The Four Pillars of the Vatican’s Manifesto

Look, I’ll be completely honest with you: at 42,000 words, I haven’t had the time to sit down and read this entire text cover-to-cover yet. My desk is currently piled high with upcoming magazine deadlines. But based on the official briefings and the earliest press sources from Rome, the Vatican is laying down some incredibly heavy, non-negotiable ethical boundaries.

From what we can gather, the document essentially hinges on four core pillars that directly challenge how the current AI ecosystem is being built:

  • Data belongs to everyone: The encyclical argues that the massive datasets used to train foundational models shouldn’t just be the private property or proprietary balance sheets of a few tech conglomerates. Instead, it should be classified as a common good.
  • We need to hit the brakes: Pope Leo XIV is calling for active government intervention to robustly regulate and deliberately slow down development, writing, “What is needed is a more active political involvement that is capable of slowing things down when everything is accelerating.”
  • Zero algorithms in warfare: The document draws a definitive moral boundary on automated defence systems, stating flatly that “no algorithm can make war morally acceptable.”
  • Protecting people’s livelihoods: The text pulls no punches on automation-driven layoffs, demanding strict protections for workers to prevent mass job displacement.

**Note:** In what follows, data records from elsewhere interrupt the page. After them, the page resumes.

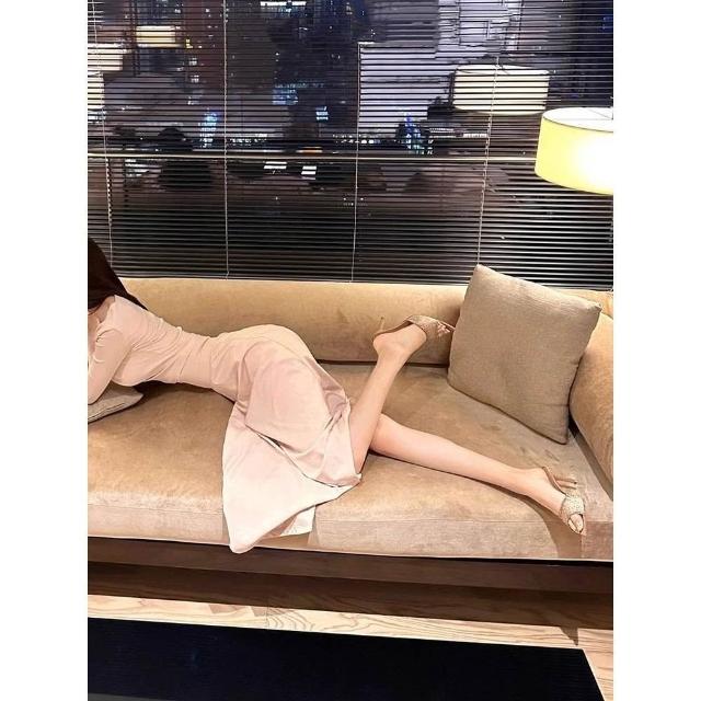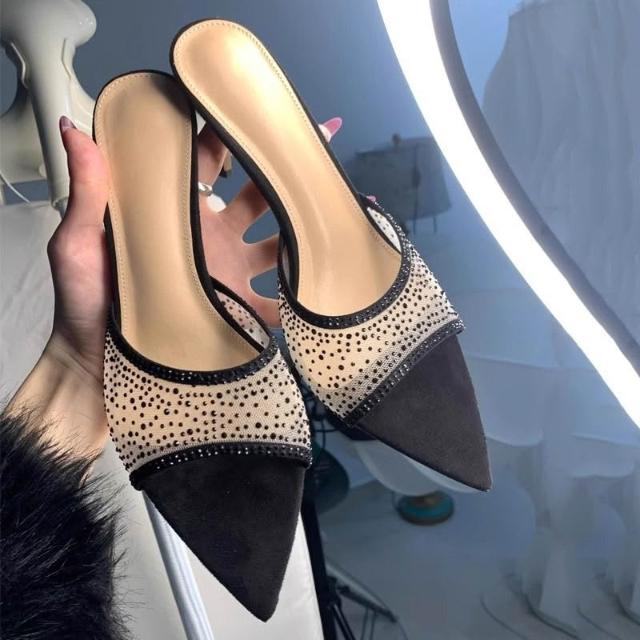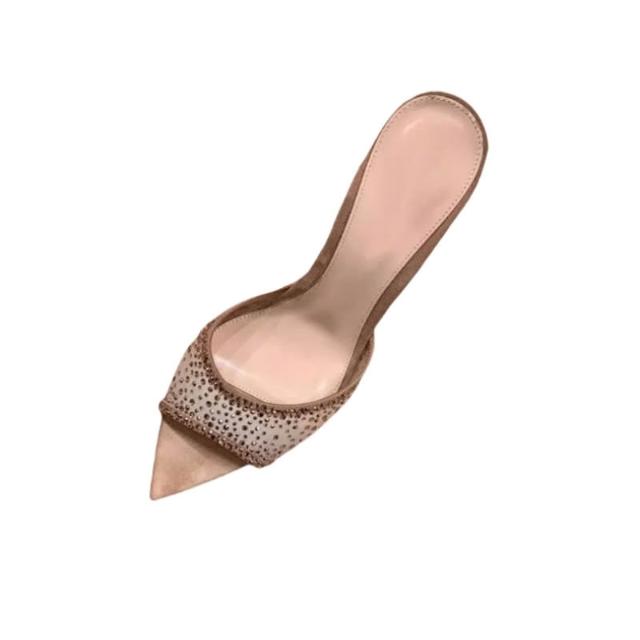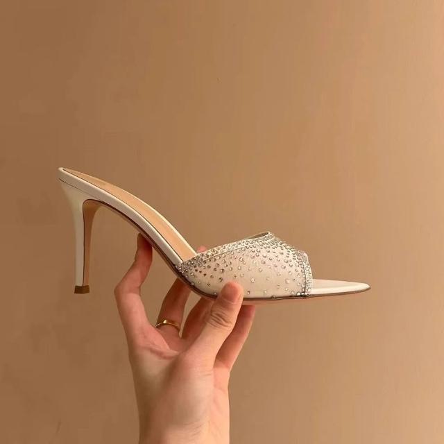 免運 免稅 2026新款露趾尖頭網紗水鉆一字拖女夏外穿氣質細跟高跟鞋涼拖鞋女
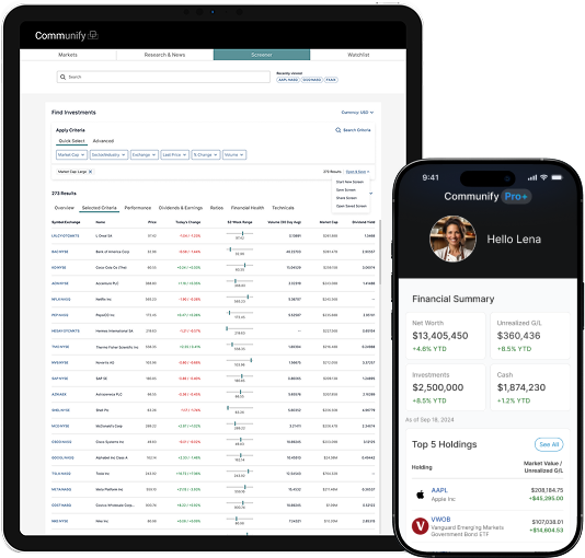 Robust client data views that aggregate and drill-in across relationship profiles, client profiles, portfolios and accounts and securities. Create custom portfolios leveraging apps such as scenario analysis, model portfolios, tax scenarios, benchmark comparisons, correlation matrices, dividend projection and more.
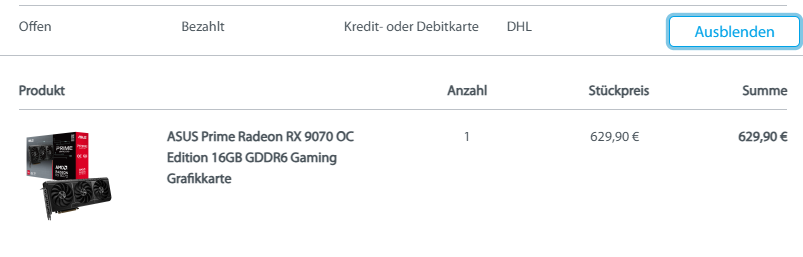 - AsRock "RX 9070 16GB Radeon Steel Legend GDDR6 3Fan"* (953,36 €, Galaxus)
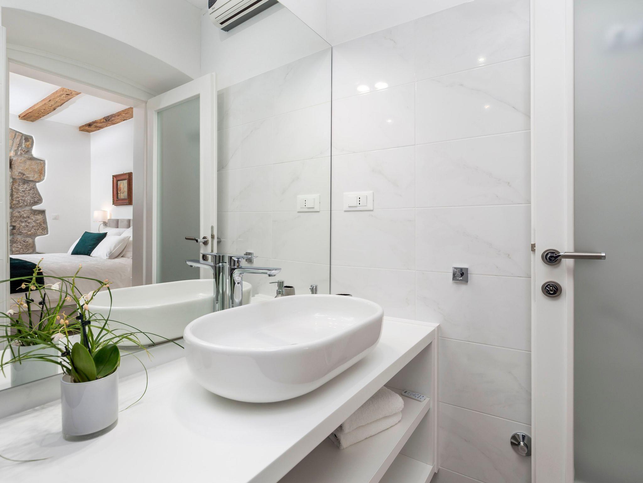 Ferienwohnung bietet Platz für 2 Gäste. Die Betten sind in Schlafzimmern, die es 1 gibt, innerhalb einer Gesamtfläche von 80m2, angeordnet. Die Gäste haben eine eigene Terrasse zur Verfügung, auf der sie in warmen Sommernächten genießen können. Das Apartment bietet Meerblick. Es ist erlaubt, Speisen auf dem Gemeinschafts-Grill vorzubereiten. IM PREIS INBEGRIFFEN: Kurtaxe, Endreinigung, Klimatisierung, Zentralheizung, Parkplatz, Internet, Kinderbett, Bügeleisen, Bügelbrett, Föhn, tragbarer Grill. Die Verfügbarkeit zusätzlicher Dienstleistungen in Ihrem reservierten Termin und die Preise derselben (falls nicht aufgeführt) müssen im Voraus überprüft werden. Zusätzliche Dienstleistungen die in der Zahlungsaufforderung nicht aufgeführt sind werden direkt beim Vermieter bezahlt, angenommen der Gast nutzt auch diese.
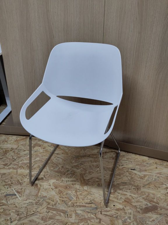 Leuke actieve stoel voorzien van mooi verchroomd draadframe en een witte kunststof zitschaal.

A Call for a Unified, Cross-Faith Response

This intervention highlights a broader geopolitical reality: the ethical boundaries of the digital age cannot be dictated by Silicon Valley or a single Western institution alone. The disruptions under discussion, mass labour displacement, the weaponisation of automated defence, and the centralisation of human data, are global challenges that transcend borders and individual belief systems.

As a Muslim, I see an immediate, vital opportunity here for Islamic authorities, scholars, and institutions like Al-Azhar, the Muslim World League, and regional digital ethics boards to weigh in with clarity.

In Islamic tradition, technological and economic advancements must always serve the preservation of human life, intellect, and societal well-being (Maqasid al-Shariah). When automation threatens mass human displacement for the sake of corporate margins, or when algorithms are given the autonomy to make life-and-death decisions in warfare, it violates the core tenets of stewardship and justice.

It is time for major Islamic institutions to publish their own AI frameworks. We need a unified, cross-faith alliance on technology ethics, one in which Riyadh, Cairo, Istanbul, and Jakarta speak with the same moral clarity as the Vatican to ensure that Silicon Valley respects human dignity.

Why This Matters for Global Commerce

At WORLDEF, we closely track how #AI is rewriting the rules of global infrastructure from automated supply chains and dynamic pricing to cross-border logistics and digital marketplace operations. But as Christopher Olah noted during the press conference, the questions AI raises are ultimately bigger than the technology itself. They belong to philosophy, society, and the humanities.

For those of us leading and operating within digital ecosystems, Magnifica Humanitas is a stark reminder that the “move fast and break things” era is facing an inevitable reckoning. When data ownership is challenged as a human rights issue and labour displacement is framed as a societal failure, it signals that the compliance and regulatory pressures heading our way will be much harsher than simple algorithmic transparency.

Whether you look at this through an economic, philosophical, or strictly business lens, one thing is clear: the human element must remain the true anchor of global commerce. If we build an ecosystem where efficiency completely hollows out human agency, we aren’t innovating; rather, we’re just automating our own decline.

It’s time for tech leaders to realize that the call for guardrails is no longer just a bureaucratic hurdle from government regulators. It is hardening into a global, cross-faith mandate. The world’s major spiritual and cultural traditions are drawing a line in the sand, demanding that human dignity be protected before the algorithms outpace our shared values.